### Given data ###
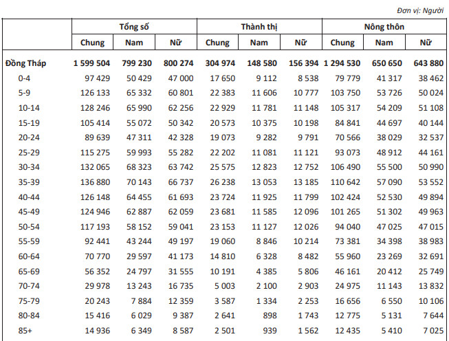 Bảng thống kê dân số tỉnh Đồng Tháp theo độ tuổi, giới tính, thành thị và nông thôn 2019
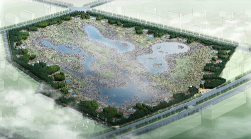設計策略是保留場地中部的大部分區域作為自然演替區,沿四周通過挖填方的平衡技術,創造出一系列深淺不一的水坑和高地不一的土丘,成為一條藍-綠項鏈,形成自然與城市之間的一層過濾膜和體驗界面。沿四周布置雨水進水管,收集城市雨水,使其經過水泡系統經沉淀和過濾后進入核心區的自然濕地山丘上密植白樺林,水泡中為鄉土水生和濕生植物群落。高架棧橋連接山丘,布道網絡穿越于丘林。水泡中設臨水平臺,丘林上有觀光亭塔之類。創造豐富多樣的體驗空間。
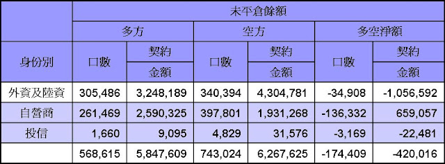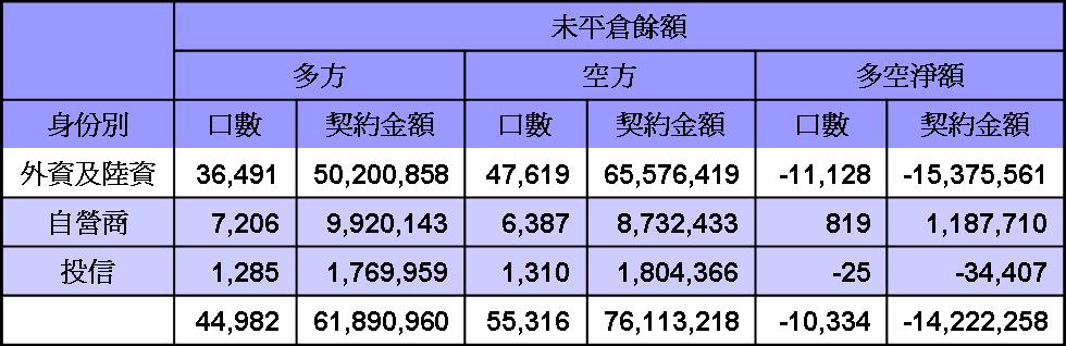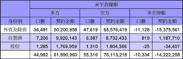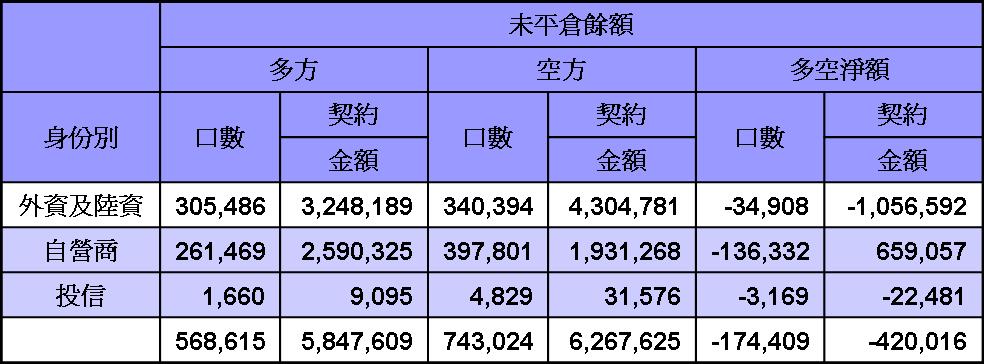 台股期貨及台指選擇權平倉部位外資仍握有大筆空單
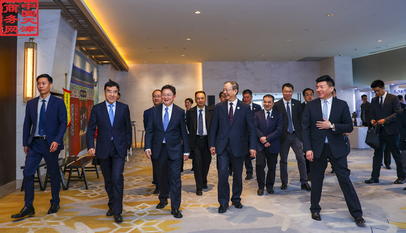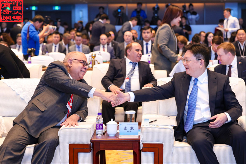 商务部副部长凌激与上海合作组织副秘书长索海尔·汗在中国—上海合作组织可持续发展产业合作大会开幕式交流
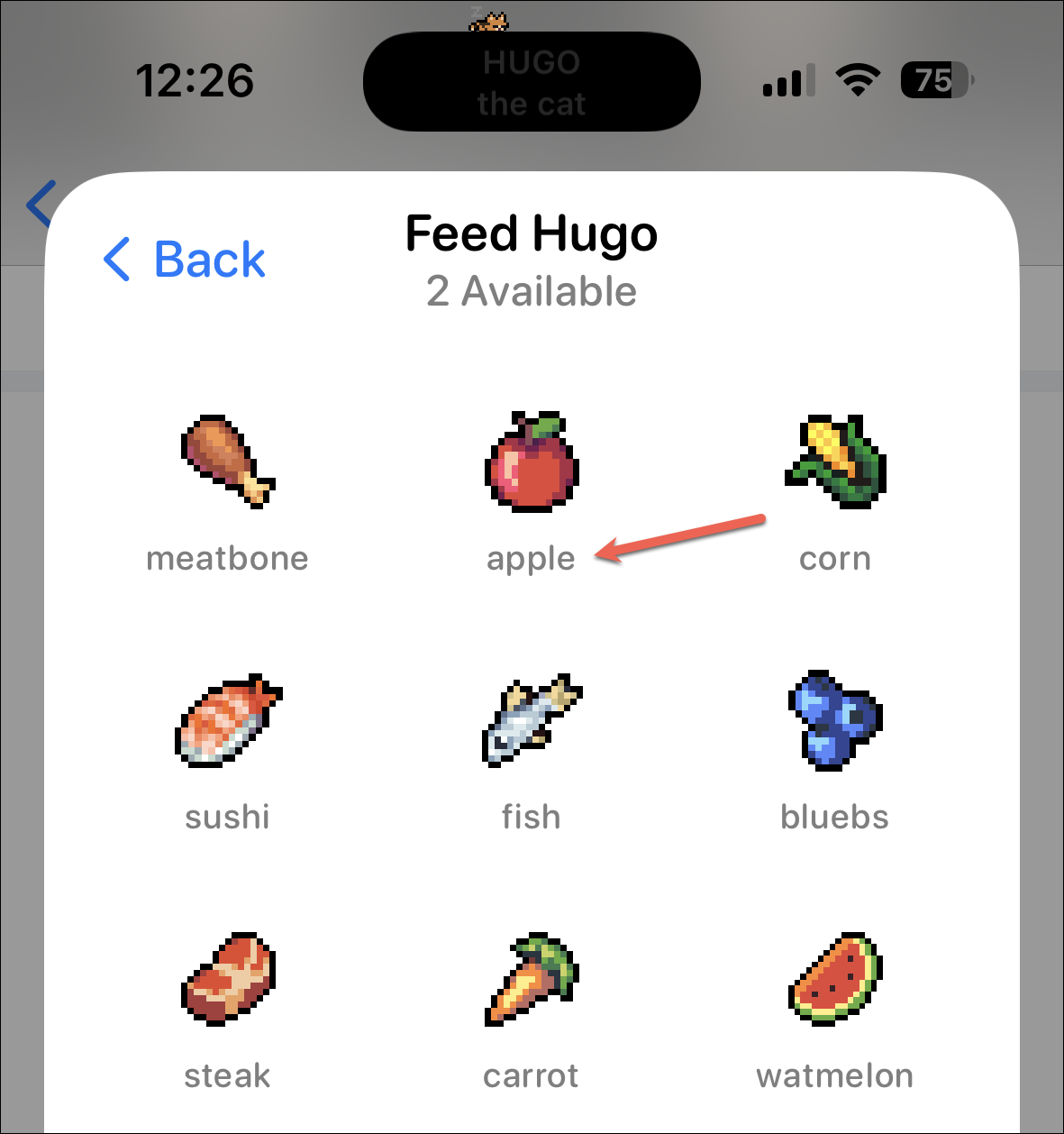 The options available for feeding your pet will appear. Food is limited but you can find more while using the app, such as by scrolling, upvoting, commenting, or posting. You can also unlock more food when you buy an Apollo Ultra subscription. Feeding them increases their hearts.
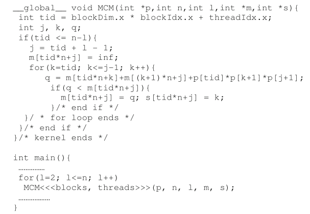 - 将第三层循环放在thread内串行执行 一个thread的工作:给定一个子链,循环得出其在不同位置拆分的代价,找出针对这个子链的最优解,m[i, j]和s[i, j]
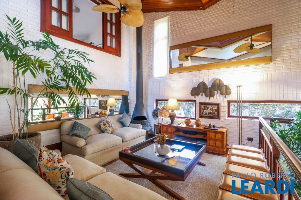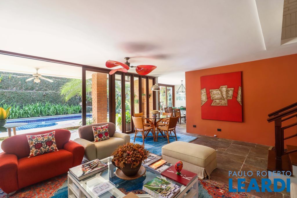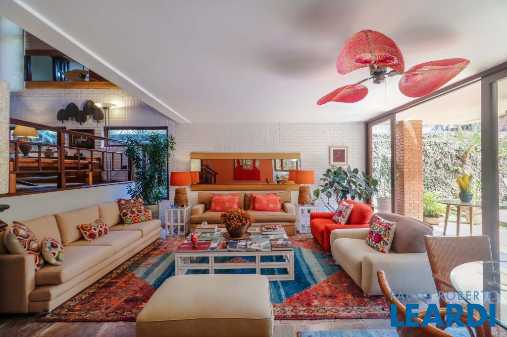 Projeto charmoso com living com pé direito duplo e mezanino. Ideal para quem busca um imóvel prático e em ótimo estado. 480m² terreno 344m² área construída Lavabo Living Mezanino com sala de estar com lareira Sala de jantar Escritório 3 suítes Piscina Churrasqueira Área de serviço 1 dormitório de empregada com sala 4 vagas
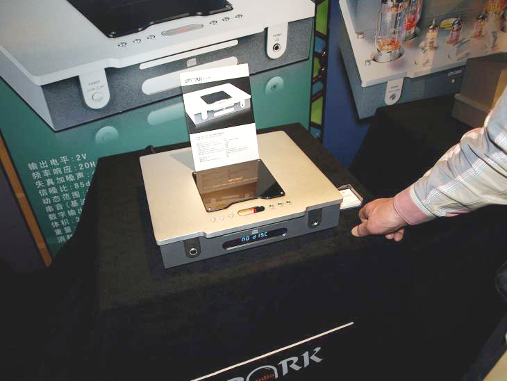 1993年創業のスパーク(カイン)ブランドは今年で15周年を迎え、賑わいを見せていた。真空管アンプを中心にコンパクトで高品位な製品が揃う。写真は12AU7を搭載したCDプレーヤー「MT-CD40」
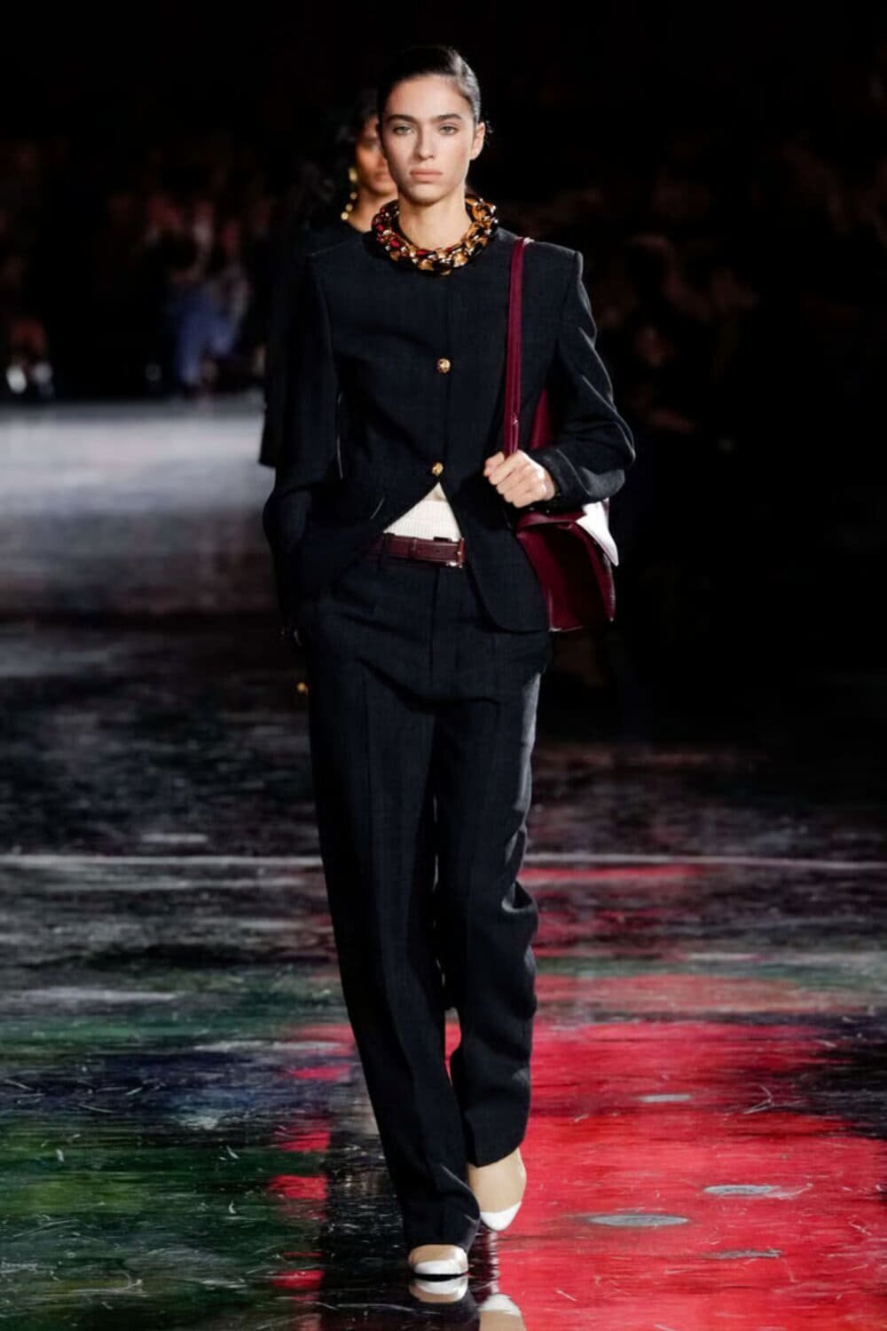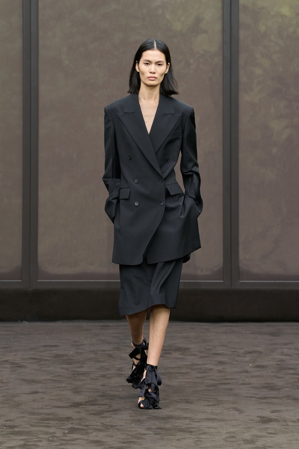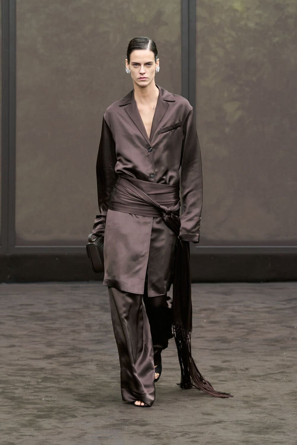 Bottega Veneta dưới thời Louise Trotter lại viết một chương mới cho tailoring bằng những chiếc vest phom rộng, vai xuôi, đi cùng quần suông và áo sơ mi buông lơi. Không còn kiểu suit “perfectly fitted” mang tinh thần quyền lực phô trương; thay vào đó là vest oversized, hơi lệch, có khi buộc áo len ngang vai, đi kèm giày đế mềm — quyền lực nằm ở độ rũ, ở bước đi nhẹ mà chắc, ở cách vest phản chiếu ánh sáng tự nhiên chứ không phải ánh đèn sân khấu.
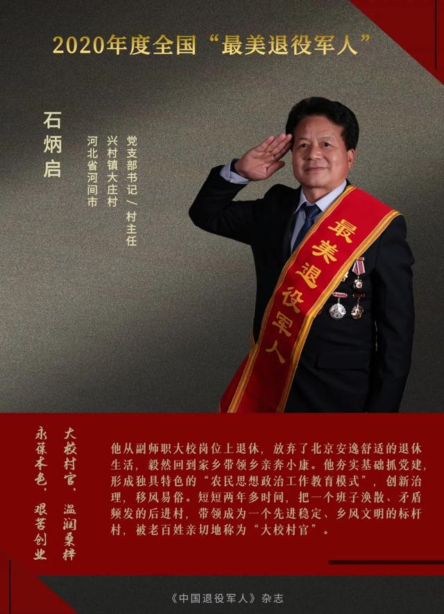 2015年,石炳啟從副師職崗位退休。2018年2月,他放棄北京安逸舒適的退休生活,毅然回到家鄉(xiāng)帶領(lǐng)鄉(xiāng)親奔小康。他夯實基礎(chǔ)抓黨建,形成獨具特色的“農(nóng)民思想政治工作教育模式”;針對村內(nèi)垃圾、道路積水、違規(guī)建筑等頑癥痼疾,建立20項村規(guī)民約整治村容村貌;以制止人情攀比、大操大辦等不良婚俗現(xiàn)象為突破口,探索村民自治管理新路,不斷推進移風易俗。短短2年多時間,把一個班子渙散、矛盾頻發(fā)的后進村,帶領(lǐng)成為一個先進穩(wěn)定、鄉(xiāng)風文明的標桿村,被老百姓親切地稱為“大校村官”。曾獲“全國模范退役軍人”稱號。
###
▸ **Task to carry out**: Given the entries above, transcribe exactly the lines from the one holding "台股期貨及台指選擇權平倉部位外資仍握有大筆空單" through the one holding "Bottega Veneta dưới"; pictures do not belong in the transcription.

▸ **Response box**:
 台股期貨及台指選擇權平倉部位外資仍握有大筆空單
 商务部副部长凌激与上海合作组织副秘书长索海尔·汗在中国—上海合作组织可持续发展产业合作大会开幕式交流
 The options available for feeding your pet will appear. Food is limited but you can find more while using the app, such as by scrolling, upvoting, commenting, or posting. You can also unlock more food when you buy an Apollo Ultra subscription. Feeding them increases their hearts.
 - 将第三层循环放在thread内串行执行 一个thread的工作:给定一个子链,循环得出其在不同位置拆分的代价,找出针对这个子链的最优解,m[i, j]和s[i, j]
 Projeto charmoso com living com pé direito duplo e mezanino. Ideal para quem busca um imóvel prático e em ótimo estado. 480m² terreno 344m² área construída Lavabo Living Mezanino com sala de estar com lareira Sala de jantar Escritório 3 suítes Piscina Churrasqueira Área de serviço 1 dormitório de empregada com sala 4 vagas
 1993年創業のスパーク(カイン)ブランドは今年で15周年を迎え、賑わいを見せていた。真空管アンプを中心にコンパクトで高品位な製品が揃う。写真は12AU7を搭載したCDプレーヤー「MT-CD40」
 Bottega Veneta dưới thời Louise Trotter lại viết một chương mới cho tailoring bằng những chiếc vest phom rộng, vai xuôi, đi cùng quần suông và áo sơ mi buông lơi. Không còn kiểu suit “perfectly fitted” mang tinh thần quyền lực phô trương; thay vào đó là vest oversized, hơi lệch, có khi buộc áo len ngang vai, đi kèm giày đế mềm — quyền lực nằm ở độ rũ, ở bước đi nhẹ mà chắc, ở cách vest phản chiếu ánh sáng tự nhiên chứ không phải ánh đèn sân khấu.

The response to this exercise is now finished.